Уйти от греха, а то, пожалуй, опомнится да назад потребует". И все пассажиры показались Никите Федорычу такими хорошими и добрыми, а речи их такими разумными, что он тотчас же со всеми перезнакомился и до такой степени стал весел и разговорчив, что и пассажиры про него то же самое подумали, что и капитан с богатырем рабочим. Грязная, плохими лачугами обстроенная Бакалда восторженным глазам Меркулова представлялась прекрасно устроенной пристанью; самое небо с нависшими свинцовыми тучами — ясным, лучезарным, как будто итальянским. Одно лишь было ему не по мысли — очень уж долго, по его мнению, медлили сборами, долго не отваливали.
Подняли, наконец, сходни (Сходня или сходни — доска с набитыми на ней брусками для схода с судна на берег.), и пароход, заворотив кверху, быстро побежал, извергая из железных уст клубы густого черного дыма и снопы огненных искр… Мерно бьет он крылами многоводное лоно русских рек и ручьев, кипит по бокам его мощно рассекаемая влага, а он летит все быстрей, все вперед. Берега так и мелькают. На широких, белых как снег, парусах и топселях (Топсель — верхний парус; он поменьше нижнего — коренного, или ходового.) одни за другими вылетают длинные расшивы с высокими носами, с узкими кормами, с бортами, огороженными низкими перильцами; вдогонку за ними бегут большие, грузные, но легкие на ходу гусянки с небольшой оснасткой и с низкими, открытыми бортами; дальше черепашьим шагом плетутся нагруженные пермскою солью уемистые, неуклюжие ладьи, бархоты, шитики и проконопаченные мочалом межеумки, вдали сверкают белизной ветлужские сплавные беляны, чернеют густо осмоленные кладнушки. Всех далеко за собою оставляя, вольной птицей летит по реке пароход, а Меркулову кажется, что он чуть ли не на мель сел… Ох, если бы крылья — так бы вот и ринулся он вперед соколиным полетом…
Не сидится Никите Федорычу в тесной, душной каюте, вышел он на палубу освежиться.

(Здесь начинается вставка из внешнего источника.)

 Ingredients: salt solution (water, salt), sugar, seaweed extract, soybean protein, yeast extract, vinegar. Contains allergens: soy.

С левого берега подувало холодным ветром, то и дело начинался косой дождик, но, только что припустит хорошенько, тотчас притихнет, а потом опять и опять. Быстро тучи несутся по небу, берега и река вечерним сумраком кроются…

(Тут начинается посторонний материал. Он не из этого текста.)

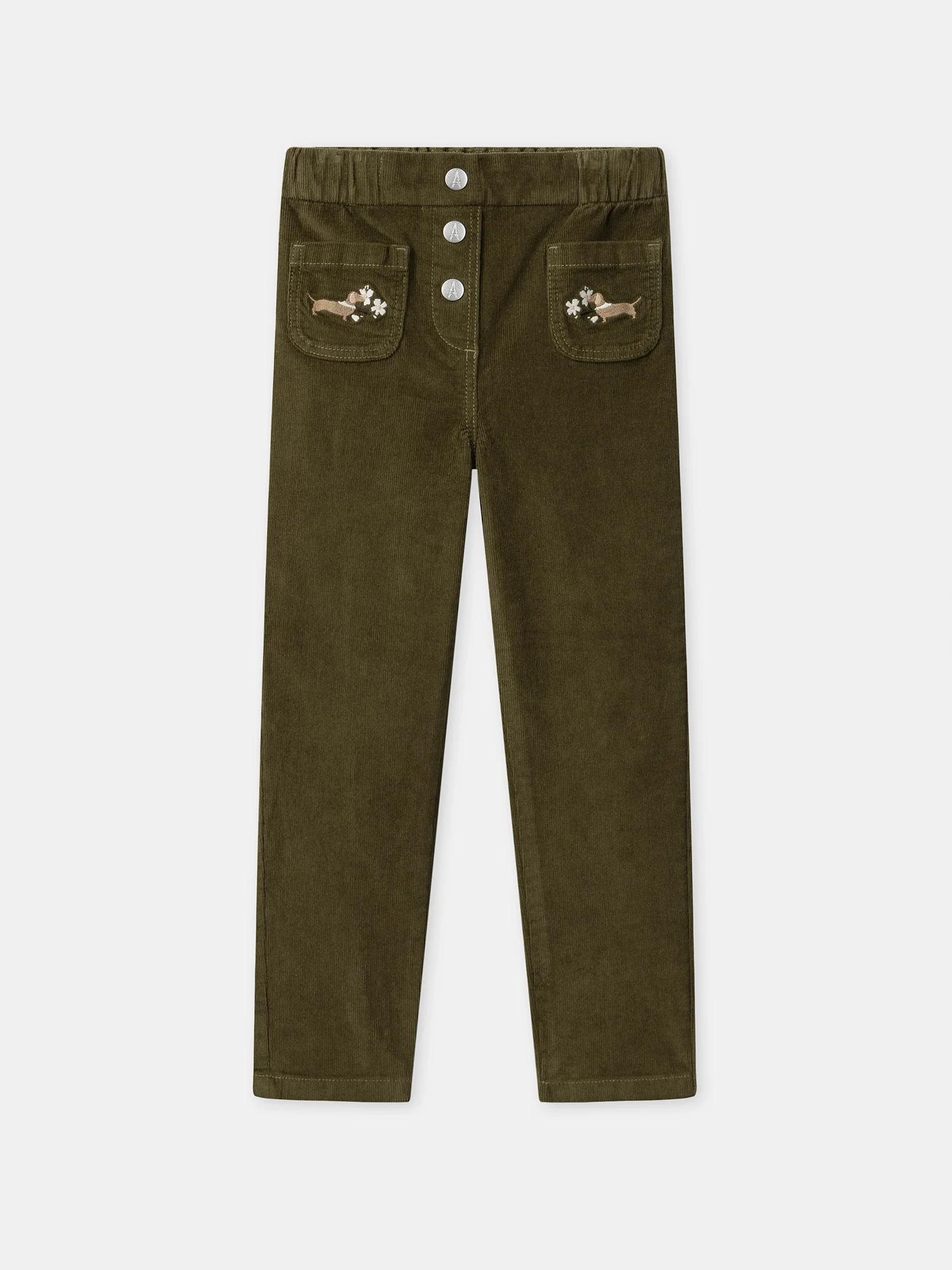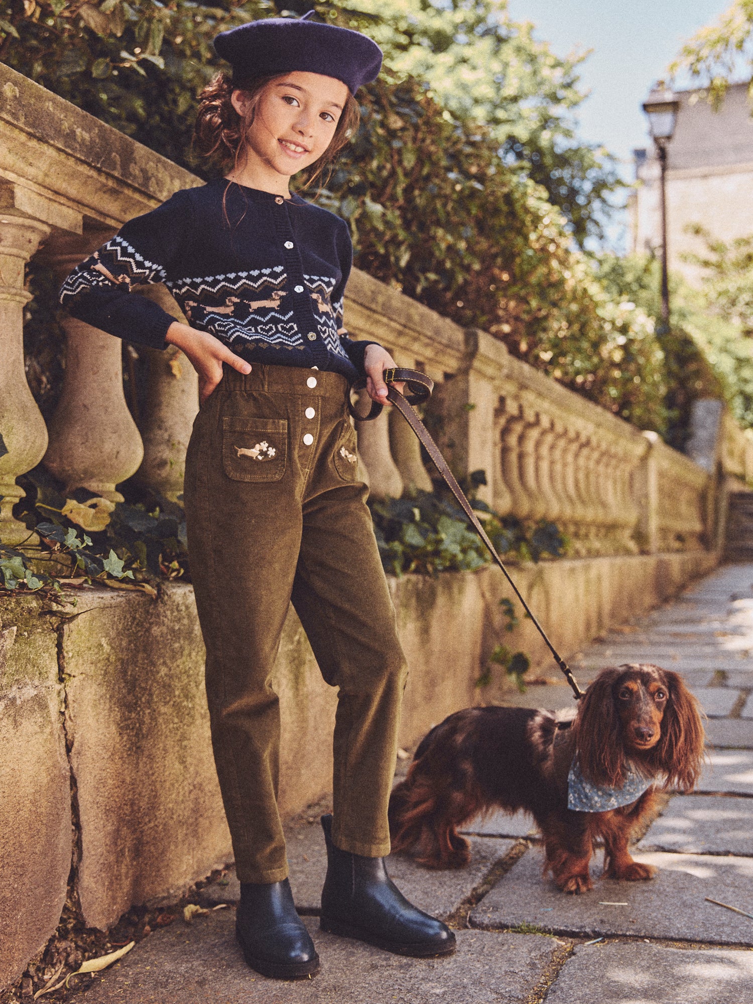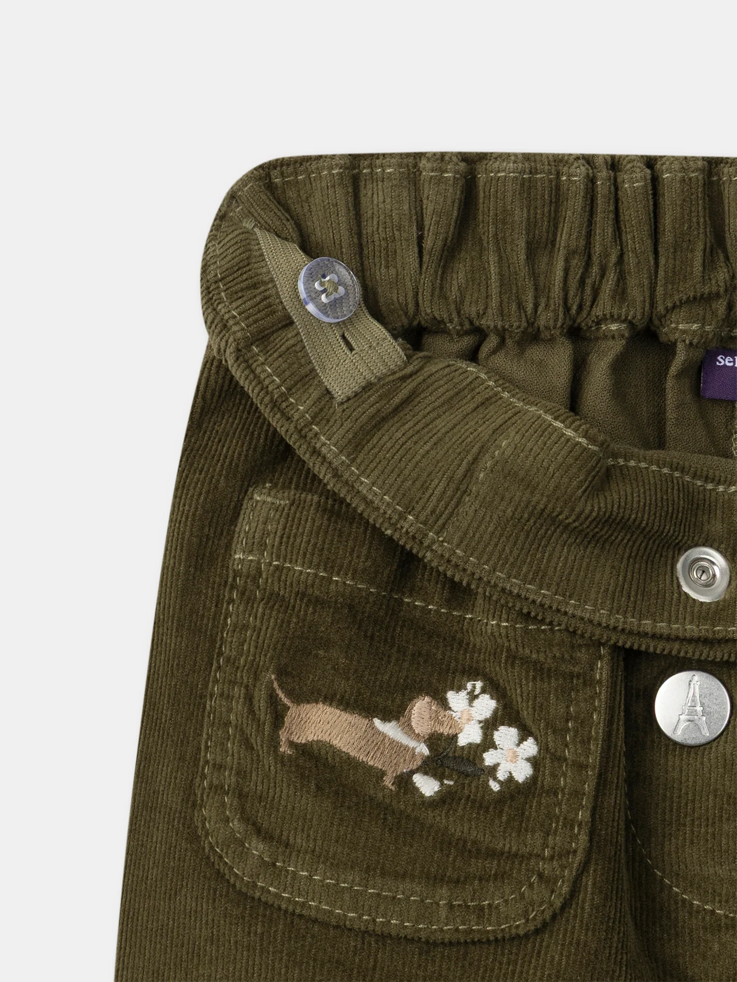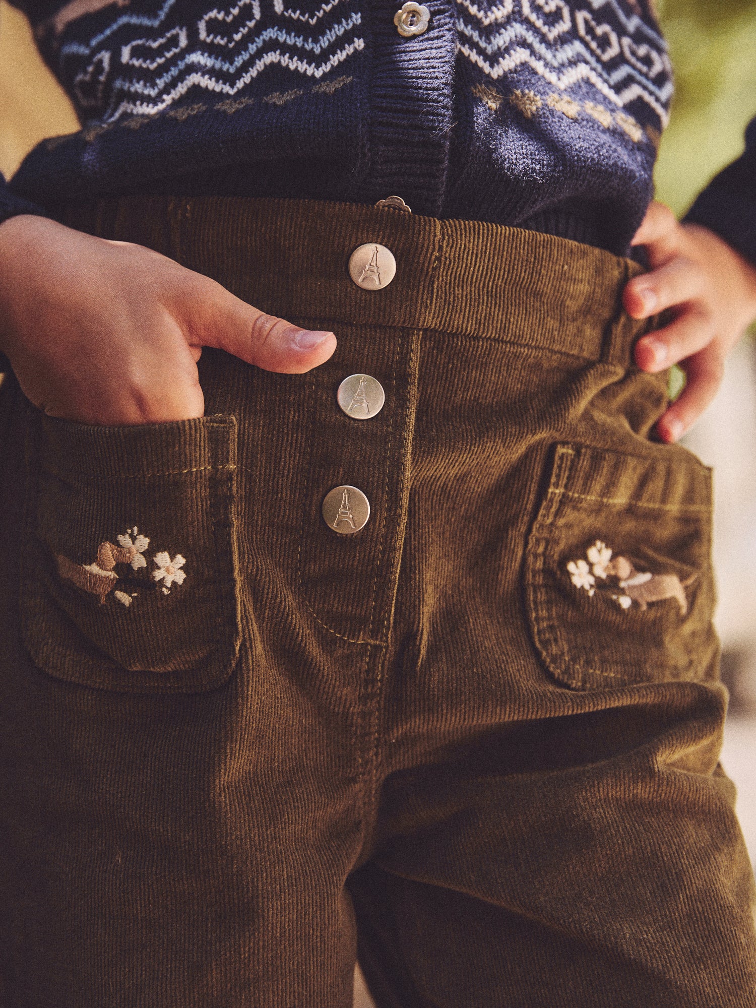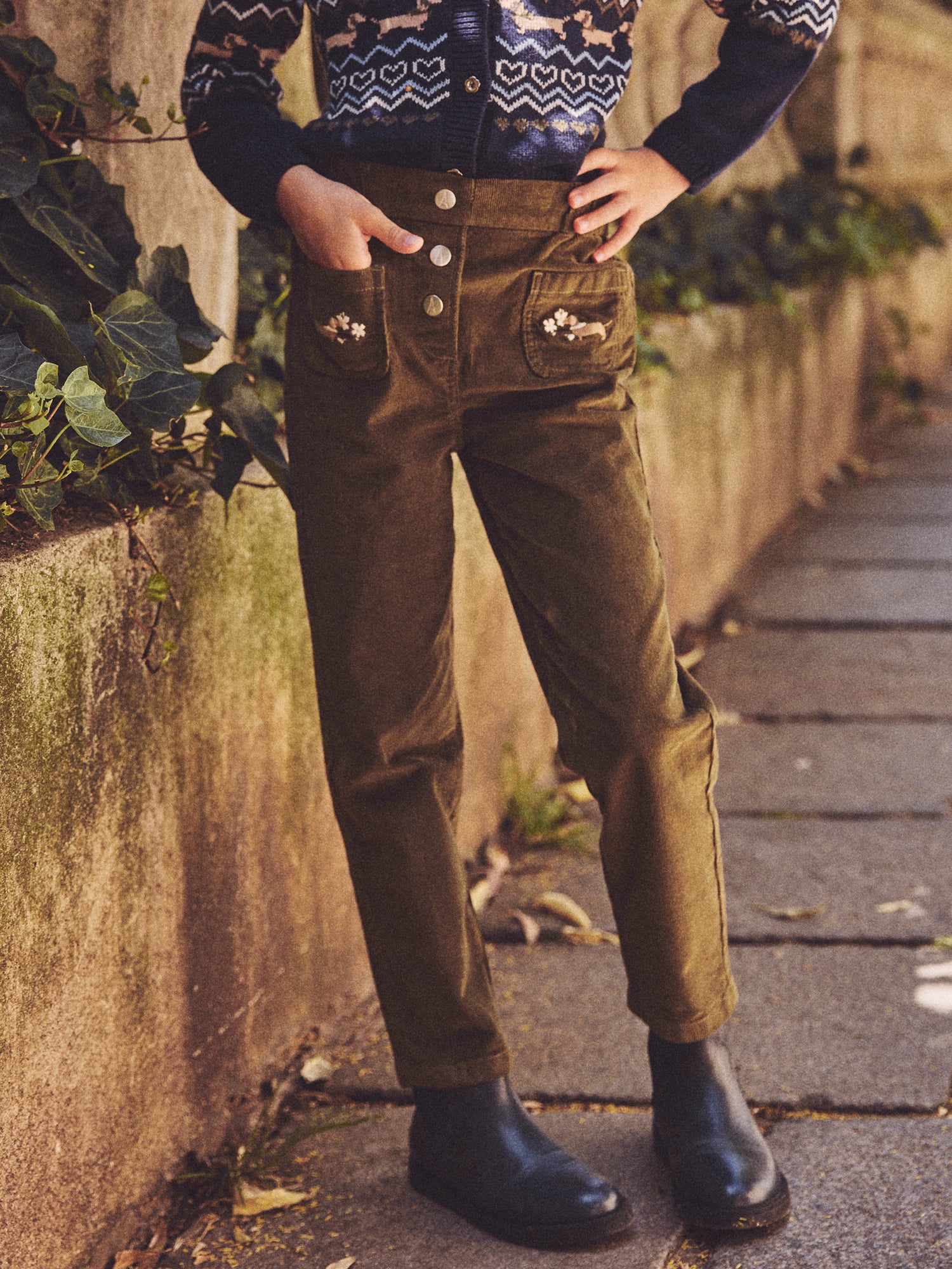 Pensé pour les petites aventurières des saisons fraîches, ce pantalon vert kaki en velours offre confort et style avec sa coupe carotte. Il est équipé de deux poches côtés brodées et d’une taille élastiquée avec élastiques ajustables pour un ajustement parfait. Sa fermeture zippée à partir de 8 ans facilite l’habillage tout en conservant une grande liberté de mouvement.

Пассажиры, укрываясь от непогоды, все сидят по каютам, один Меркулов остается на кормовой палубе. Походил он, походил взад и вперед, к паровику подошел и долго, пристально глядел, как ровно, мерно, почти беззвучно поднимаются и опускаются рычаги машины. Долго стоял он тут, защищенный от ветра и дождя каютками капитана и лоцмана, что построены над колесными кожухами. Насмотревшись вдоволь на машину, Никита Федорыч подошел к перильцам, отделявшим палубу третьего класса, и окинул глазами там бывших. Одно лицо показалось ему знакомым. Русый, лет сорока, невысокого роста, в теплой суконной сибирке, только что потрапезовал он на сон грядущий и, сбираясь улечься на боковую, обратился лицом к востоку, снял картуз и стал на молитву, крестясь по старине двуперстно. Стоял он прямехонько перед Меркуловым. Вглядываясь в лицо его, Никита Федорыч больше и больше убеждался, что где-то видал он этого человека…

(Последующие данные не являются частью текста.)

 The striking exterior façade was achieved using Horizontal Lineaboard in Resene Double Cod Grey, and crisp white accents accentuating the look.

Усильно старается он вспомнить, где и когда встречался с этим русым, но, как нарочно, совсем захлестнуло у него в памяти… А любопытство меж тем возбудилось до крайности, и, только что русый кончил молитву, Меркулов подошел и спросил:
— Кажется, мы где-то с вами видались? Пристально поглядел русый на Меркулова.
— Ах, батюшки! — вскликнул он. — Никак господин Меркулов будете?
— Он самый, — молвил Никита Федорыч, радуясь, что русый признал его.Скажите, однако, где мы с вами видались? У меня что-то из памяти вон.
— В Питере, сударь, в Питере, — весело отвечал русый. — В Питере, у Дмитрия Петровича Веденеева. — В приказчиках у его милости служу. Флор Гаврилов, ежели припомните…
— Ах, Флор Гаврилыч! Как я рад, что встретился с вами! — говорил с увлеченьем Меркулов. — Где теперь Дмитрий Петрович?
— У Макарья в ярманке, — отвечал Флор Гаврилов. — Еду к нему с отчетами из Саратова.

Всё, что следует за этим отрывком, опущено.